Finally, an armed conflict between the United States and al-Qaeda (a non-state group based outside America's borders) would present a legal anomaly.  It would not be an international armed conflict as conventionally understood -- that is to say, a war between two or more nation states.  Yet the claim that enemy fighters can be detained until the end of hostilities as a matter of international law (the claim on which the Guantanamo regime is justified) is a claim that is only meaningful in international armed conflict.  The position advanced by Gonzales and other administration lawyers is essentially one that asserts all the prerogatives of an international conflict for the United States, without accepting any of the associated restraints.  In this sense, the legal claims underlying the proclaimed war on terrorism appear inconsistent, even self-contradictory. (For more on this admittedly complex subject, see my article "Military Necessity and Due Process: The Place of Human Rights in the War on Terror," forthcoming in Wippman, David and Matthew Evangelista, eds., New Wars, New Laws? (Transnational Publishers, February 2005)).

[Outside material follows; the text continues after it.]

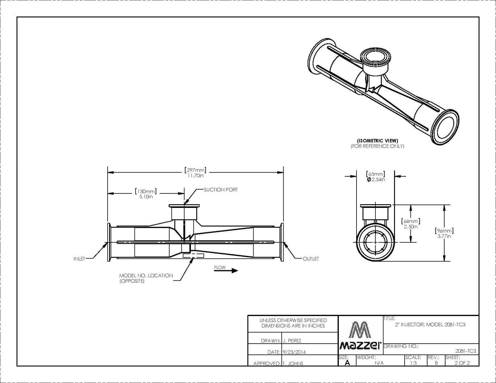 Mazzei - 2083 Series - 2.0" Male NPT Inlet/Outlet Connections (1.25" Male NPT Th

Beyond the discussion of Gonzales' views on the Geneva Conventions, the heearing also produced the first indication that some lawyers within the administration have raised the question of whether the Conventions should be revised.  Gonzales said there had been some discussion of the subject, and some officials had suggested "maybe this is something that ought to be looked at," but he added that there was no systematic project or proposal being forumlated that he knew of.

Overall, Gonzales' appearance before the Senate Judiciary Committee provided further evidence of the legal outlook that prevails in the higher reaches of the Bush administration and that has informed the development of the war on terrorism.  It is an outlook that favours an extremely expansive view of Presidential power, and that departs from traditional interpretations of international law in what appears to be an opportunistic rather than principled way.

 

 

Related Chapters from Crimes of War: What the Public Should Know:

Terrorism

Torture

Related Links:

Transcript of Senate Judiciary Committee Hearing on Alberto Gonzales

(via The New York Times)

An Open Letter to the Senate Judiciary Committee

General John Shalikashvili (Ret. USA) et al. (.pdf file)

Memorandum for the President

From: Alberto R. Gonzales

Subject: Decision Re Application of the Geneva Convention on Prisoners of War to the Conflict with Al-Qaeda and the Taliban

January 25, 2002 (via Newsweek) (.pdf file)

Memorandum for Alberto R. Gonzales, Counsel to the President

U.S. Department of Justice, Office of Legal Counsel

(The "torture memo")

August 1, 2002 (.pdf file)

Memorandum for James M. Comey, Deputy Attorney General

U.S. Department of Justice, Office of Legal Counsel

(Revised statement on the interpretation of the federal criminal prohibition on torture)

December 30, 2004 (.pdf file)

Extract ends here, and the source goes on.